WHAT YOU HAVE TO DO: Starting with the first line of the data below, copy each line up to and including the one containing "เวลา 09.00 –". Pictures stay out.

SUPPLIED DATA:

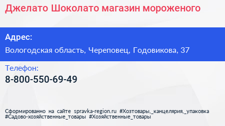 Джелато Шоколато, магазин мороженого по адресу Вологодская область, Череповец, Годовикова, 37 в дальнейшем Организация, размещена в следующих категориях:
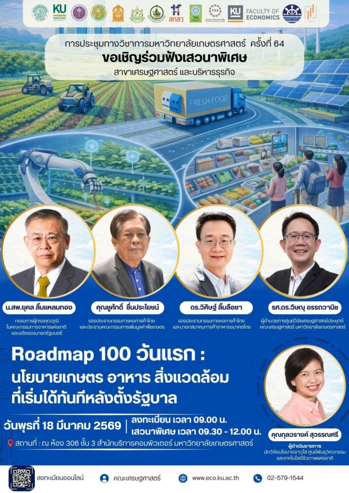 ในโอกาส จึงขอเชิญชวนผู้สนใจร่วมรับฟังเสวนาพิเศษสาขาเศรษฐศาสตร์และบริหารธุรกิจ เรื่อง “Roadmap 100 วันแรก: นโยบายเกษตร อาหาร สิ่งแวดล้อมที่เริ่มได้ทันทีหลังตั้งรัฐบาล” ในงานการประชุมทางวิชาการมหาวิทยาลัยเกษตรศาสตร์ ครั้งที่ 64 ภายใต้แนวคิด“บูรณาการนวัตกรรมและสังคม: ก้าวสู่อนาคตที่ชาญฉลาดและยั่งยืน” ในวันที่ 18 มีนาคม 2569 เวลา 09.00 –
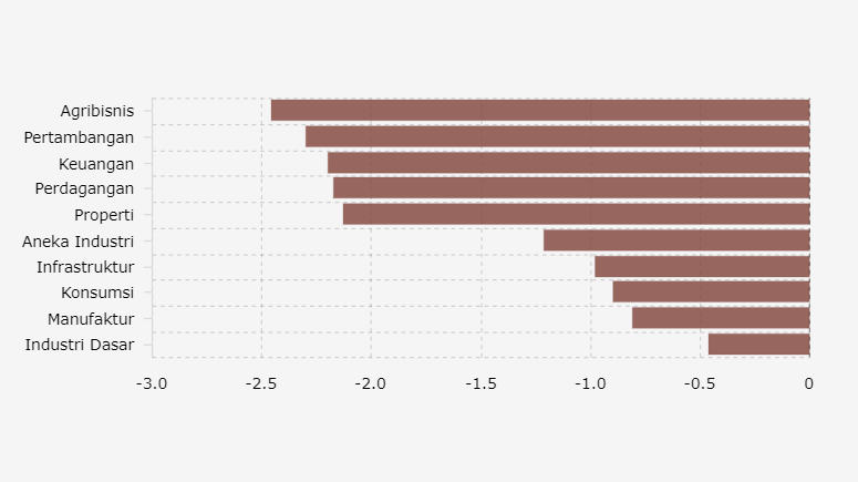 Pelemahan IHSG ini disebabkan oleh beberapa faktor seperti melemahnya sektor agribisnis dan pertambangan serta menurunnya harga saham-saham unggulan. Tercatat sektor agribisnis mengalami penurunan paling dalam yaitu sebesar -2,46%, disusul pertambangan yang melemah -2,3% dan keuangan yang melemah -2,2%.
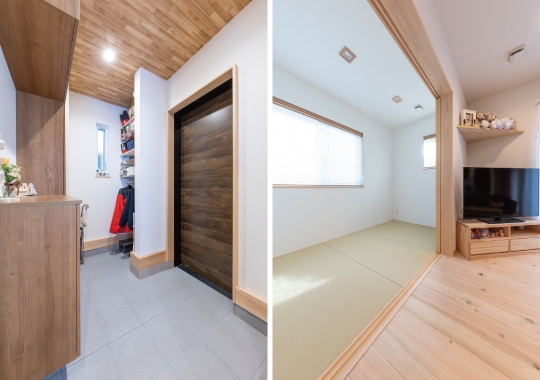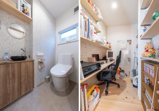外壁やクロスにはご家族の“好き” を取り入れつつ、間取りは暮らしやすさを大切にしたシンプルな住まいです。全館空調システムを採用し、夏も冬も家中の温度差が少なく、快適な毎日を過ごされています。

WRITTEN RESPONSE:
 Джелато Шоколато, магазин мороженого по адресу Вологодская область, Череповец, Годовикова, 37 в дальнейшем Организация, размещена в следующих категориях:
 ในโอกาส จึงขอเชิญชวนผู้สนใจร่วมรับฟังเสวนาพิเศษสาขาเศรษฐศาสตร์และบริหารธุรกิจ เรื่อง “Roadmap 100 วันแรก: นโยบายเกษตร อาหาร สิ่งแวดล้อมที่เริ่มได้ทันทีหลังตั้งรัฐบาล” ในงานการประชุมทางวิชาการมหาวิทยาลัยเกษตรศาสตร์ ครั้งที่ 64 ภายใต้แนวคิด“บูรณาการนวัตกรรมและสังคม: ก้าวสู่อนาคตที่ชาญฉลาดและยั่งยืน” ในวันที่ 18 มีนาคม 2569 เวลา 09.00 –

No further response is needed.